Baeyer–Villiger oxidation of cyclic ketones is governed by a competition between electronic stabilization of the developing positive charge in the transition state, stereoelectronic alignment of the migrating bond with the peroxy oxygen, and the thermodynamic effect of ring-strain relief. Mechanistically, the transformation proceeds through formation of a peroxyhemiketal often called the Criegee intermediate, a concept first emphasized by François Criegee, and the subsequent concerted or asynchronous migration step determines which carbon moves to form the ester or lactone. Jonathan Clayden University of Bristol treats these principles clearly in contemporary organic textbooks, highlighting how they combine to set regioselectivity.
Electronic and stereoelectronic factors
Groups that better stabilize positive charge in the migration transition state tend to migrate more readily, so tertiary > secondary > primary > methyl is a general ordering for alkyl migrations, and aryl groups often migrate faster than alkyl groups because of resonance stabilization. This ordering is a rule of thumb rather than an absolute law, because reaction conditions and the precise nature of the oxidant can flip preferences. Stereoelectronic control requires the migrating C–R bond to adopt an approximately antiperiplanar orientation to the O–O bond of the peracid or activated peroxide; if the required geometry is disfavored by ring conformation, migration can be slowed or diverted.
Ring size, strain, and catalyst effects
For cyclic ketones the relief or increase of ring strain on migration exerts a large influence. Small rings such as cyclobutanones undergo ring expansion readily because migration relieves considerable angle and torsional strain to give five-membered lactones, whereas in larger rings the driving force is weaker and electronic factors may dominate. Reaction medium, acid catalysts, and the oxidant (peracids versus hydrogen peroxide in the presence of catalysts) modify transition-state polarization and therefore the migratory preference. For sustainability, enzymatic Baeyer–Villiger monooxygenases provide milder and more selective alternatives; Uwe T. Bornscheuer University of Greifswald has contributed to development of such biocatalytic approaches.
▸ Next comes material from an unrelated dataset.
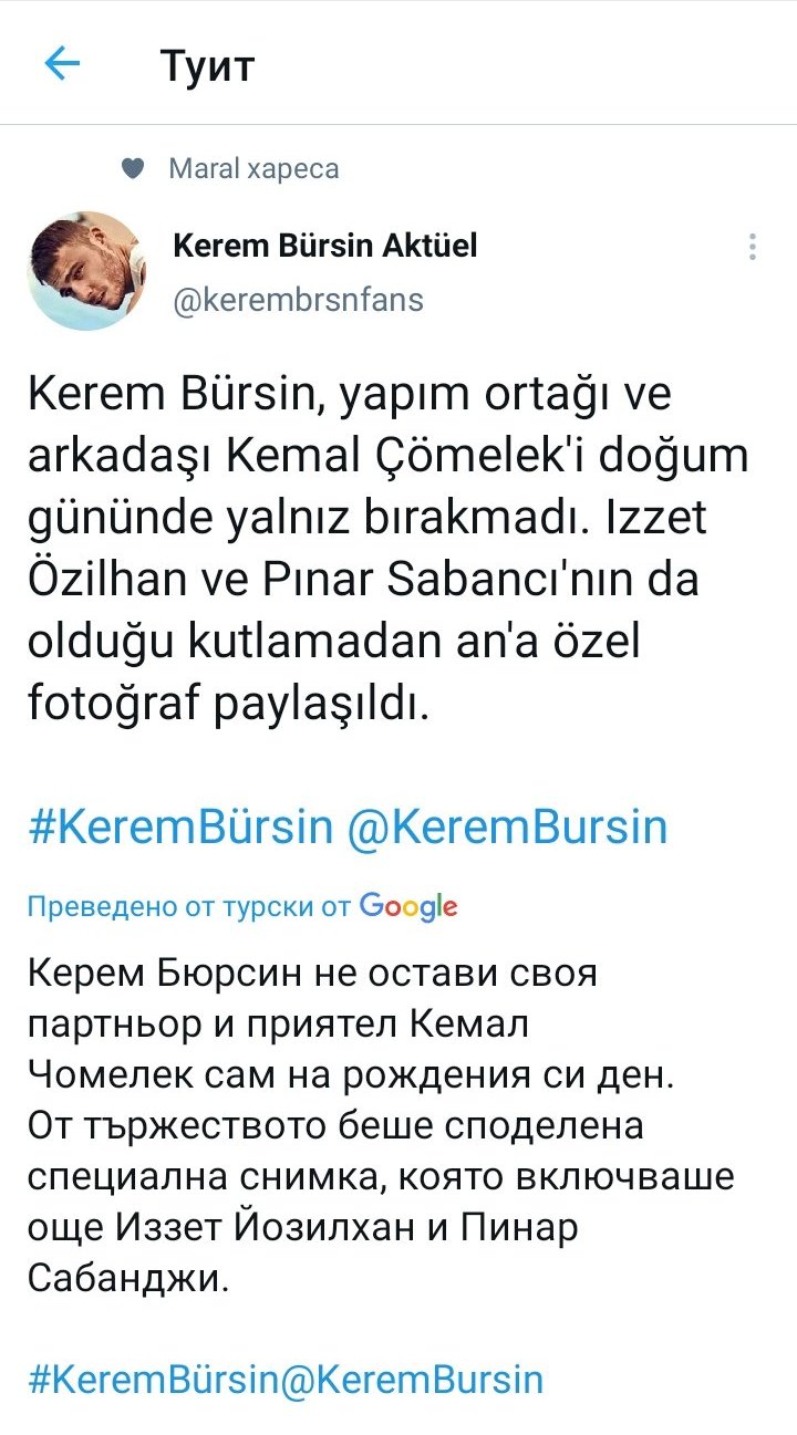 Позамислих се и аз за това. На мен също не ми е окей, да ми изкачат в страницата на сериала други проекти, които не ме вълнуват. Продуценти на рекламираният сериал не са дори MF Yapim и явно Фокс управлява профилът. Ханде и Керем не следват Фокс и не са го следвали изобщо. Ханде не следва страницата на Aşk Laftan Anlamaz и съм склонна да не задълбавам. Все пак мисля, че има голям сантимент към сериала и нещо я е провокирало да го отследва.

Consequences for synthesis include predictable regioselectivity in constructing lactones, but also the need to consider conformational constraints and substituent placement when planning a target. Industrial and environmental ramifications are significant because lactones serve as fragrance ingredients and polymer monomers, and choosing peracid-free or enzymatic methods reduces hazardous waste and improves process safety. Practical outcomes therefore depend on integrating electronic theory, conformational analysis, and choice of oxidant or catalyst.